“The journey we make here upon the earth is so short. Before we know where we are, we are at the end, and called upon to answer an inner voice: ‘Have you finished the work you had to do?’ Happy are they who can think, yes, they have finished their work.”
~ Dr. Waldemar Mordecai Haffkine
Dr. Waldemar Mordecai Haffkine — a Ukrainian scientist was a bacteriologist who worked mainly in India and developed vaccines against cholera and bubonic plague.
The son of a Jewish schoolmaster, WM Haffkine was born in the Black Sea port of Odessa, but received most of his early education in Berdiansk. Dr. Haffkine then entered the University of Odessa in 1879 to study physics, mathematics and zoology. He came under the influence of Professor Elie Metchnikoff and developed an interest in unicellular organisms. In 1883 Haffkine was awarded the degree of Candidate of Natural Sciences and became an assistant to the Zoological Museum of Odessa with the use of a research laboratory.
In 1889, he moved to Paris and started working in Pasteur's world famous laboratory. His initial work on producing a cholera inoculation was successful. He produced an attenuated form of the bacterium by exposing it to blasts of hot air. A series of animal trials confirmed the efficacy of the inoculation. In July 1892, Haffkine performed his first human test: on himself! During the Indian cholera epidemic of 1893, he travelled to Calcutta and introduced his new prophylactic inoculation. After initial criticism by the local medical bodies, it was widely accepted.
The then Governor of Bombay invited Dr. Haffkine to Bombay in 1896 after an epidemic of plague broke out in the city. He found a place to work at the JJ Group of Hospitals where he developed a plague vaccine. On the 10th January 1897, Dr. Haffkine caused himself to be inoculated with 10 cc of a similar preparation, thus proving in his own person the harmlessness of the fluid. A form useful enough for human trials was ready by January 1897, and tested on volunteers at the Byculla jail the next month. Use of the vaccine in the field started immediately.
Recognition followed quickly. In 1898, the laboratory moved to Khushru lodge owned by Sir Sultan Shah, Aga Khan III, KCIE, head of the Khoja Mussulman community. This bungalow was fitted up at the Aga Khan’s expense for Haffkine’s use and about half the Khoja Mussulman community of Bombay (10,000–12,000 persons) received prophylactic inoculations under the auspices of His Highness the Aga Khan.

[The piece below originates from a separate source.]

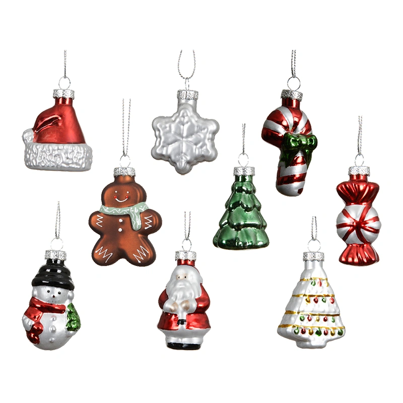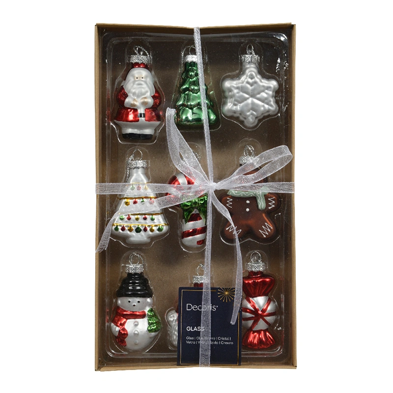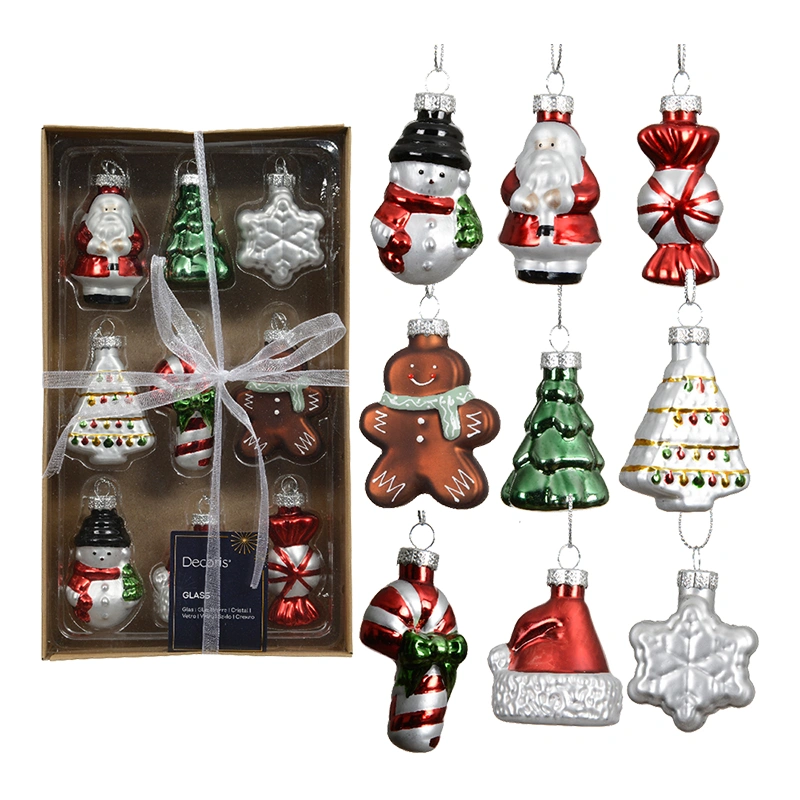ŚWIĄTECZNE SZKLANE FIGURKI Z WSTĄŻKĄ - ZESTAW 9 SZTUK

In 1885, the Governor left his residence and the premises were used as House of Recorders of the Bombay Presidency. In 1895, King Edward VII visited India as Prince of Wales, and stayed on the premises for a week. On such a historical premise, Dr. Haffkine entered on 10th August 1899. At that time it was designated as ‘Plague Research Laboratory’ with Dr. Haffkine as its Director in Chief. In 1906 the Institute was renamed as ‘Bombay Bacteriology Laboratory’. Finally, in 1925, due to the efforts of Lt. Col. F.P. Mackie, the Laboratory was aptly named as ‘Haffkine Institute’.

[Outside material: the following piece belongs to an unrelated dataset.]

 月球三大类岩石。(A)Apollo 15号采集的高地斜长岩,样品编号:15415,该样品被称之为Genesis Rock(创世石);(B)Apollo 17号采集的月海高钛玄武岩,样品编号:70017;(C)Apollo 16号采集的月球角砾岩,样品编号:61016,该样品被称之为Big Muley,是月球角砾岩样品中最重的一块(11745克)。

After his retirement in 1914, he returned to France and settled in Boulogne-sur-Seine, and occasionally wrote for medical journals. In 1925, when the Plague Research Laboratory in Bombay was renamed the ‘Haffkine Institute’, he wrote “...the work at Bombay absorbed the best years of my life...”. He revisited Odessa in 1927, but could not adapt to the tremendous changes after the revolution. He moved to Lausanne in 1928 and remained there for the last two years of his life.